-------- Given information

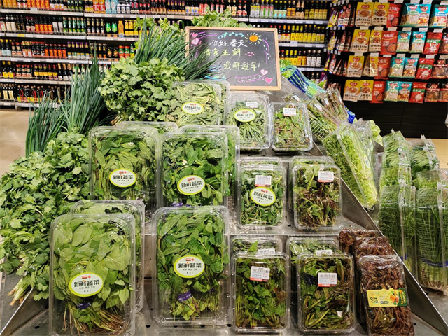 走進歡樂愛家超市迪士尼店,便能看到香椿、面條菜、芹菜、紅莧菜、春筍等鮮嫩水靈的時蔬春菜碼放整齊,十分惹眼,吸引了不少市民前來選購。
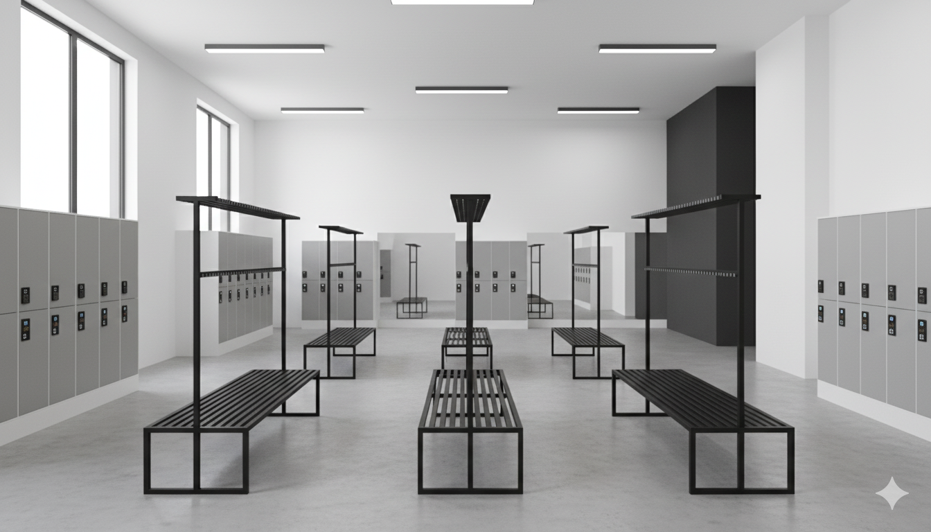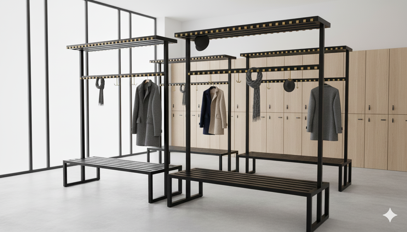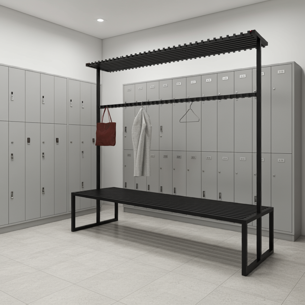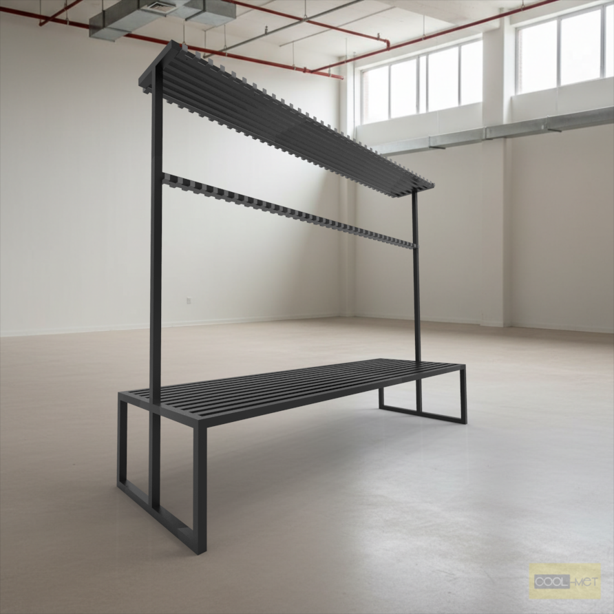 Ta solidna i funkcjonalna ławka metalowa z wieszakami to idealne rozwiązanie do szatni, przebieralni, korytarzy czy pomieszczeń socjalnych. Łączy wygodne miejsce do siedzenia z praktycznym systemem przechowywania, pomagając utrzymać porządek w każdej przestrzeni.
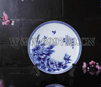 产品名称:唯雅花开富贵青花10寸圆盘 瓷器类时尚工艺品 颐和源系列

----------------

## Activity:
Could you restate the material word for word, omitting the pictures?

## Result of this exercise:
 走進歡樂愛家超市迪士尼店,便能看到香椿、面條菜、芹菜、紅莧菜、春筍等鮮嫩水靈的時蔬春菜碼放整齊,十分惹眼,吸引了不少市民前來選購。
 Ta solidna i funkcjonalna ławka metalowa z wieszakami to idealne rozwiązanie do szatni, przebieralni, korytarzy czy pomieszczeń socjalnych. Łączy wygodne miejsce do siedzenia z praktycznym systemem przechowywania, pomagając utrzymać porządek w każdej przestrzeni.
 产品名称:唯雅花开富贵青花10寸圆盘 瓷器类时尚工艺品 颐和源系列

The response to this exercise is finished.